** EXERCISE MATERIAL **
-=-=-=-=-

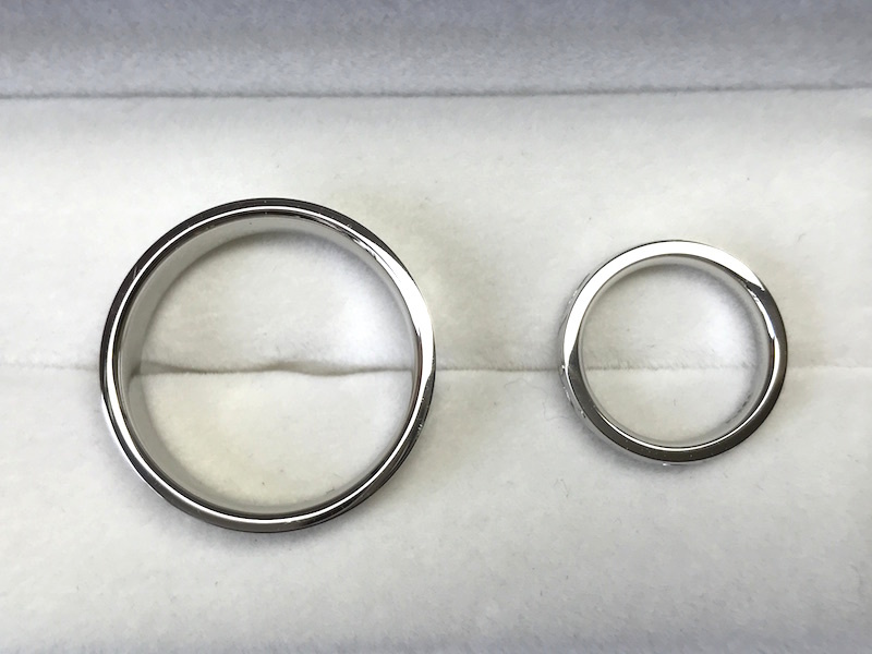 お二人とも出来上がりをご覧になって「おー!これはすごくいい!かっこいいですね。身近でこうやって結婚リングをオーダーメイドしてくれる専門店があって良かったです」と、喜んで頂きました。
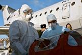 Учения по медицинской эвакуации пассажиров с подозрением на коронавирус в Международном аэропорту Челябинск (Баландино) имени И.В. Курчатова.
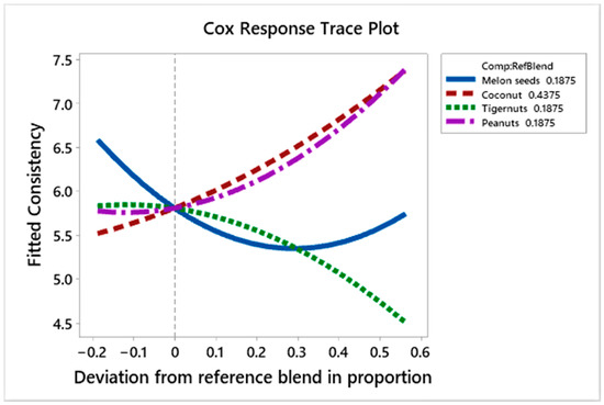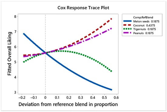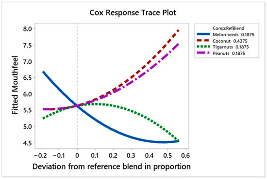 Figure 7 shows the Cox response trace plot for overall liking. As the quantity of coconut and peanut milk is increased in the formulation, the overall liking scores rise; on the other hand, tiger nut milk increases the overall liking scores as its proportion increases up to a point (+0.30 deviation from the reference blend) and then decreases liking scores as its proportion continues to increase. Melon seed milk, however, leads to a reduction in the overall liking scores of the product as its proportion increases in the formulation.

-=-=-=-=-

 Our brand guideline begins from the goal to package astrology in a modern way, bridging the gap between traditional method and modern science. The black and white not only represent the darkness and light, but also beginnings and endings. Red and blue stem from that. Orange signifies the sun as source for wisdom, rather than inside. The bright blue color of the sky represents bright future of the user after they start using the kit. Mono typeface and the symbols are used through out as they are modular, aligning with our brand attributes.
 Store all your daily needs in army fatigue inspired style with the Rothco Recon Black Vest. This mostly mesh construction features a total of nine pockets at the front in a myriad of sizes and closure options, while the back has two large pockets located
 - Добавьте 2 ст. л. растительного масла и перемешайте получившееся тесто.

-=-=-=-=-

The answer must be every line from the entries above that holds the string "with".

** EXPECTED ANSWER **
 Our brand guideline begins from the goal to package astrology in a modern way, bridging the gap between traditional method and modern science. The black and white not only represent the darkness and light, but also beginnings and endings. Red and blue stem from that. Orange signifies the sun as source for wisdom, rather than inside. The bright blue color of the sky represents bright future of the user after they start using the kit. Mono typeface and the symbols are used through out as they are modular, aligning with our brand attributes.
 Store all your daily needs in army fatigue inspired style with the Rothco Recon Black Vest. This mostly mesh construction features a total of nine pockets at the front in a myriad of sizes and closure options, while the back has two large pockets located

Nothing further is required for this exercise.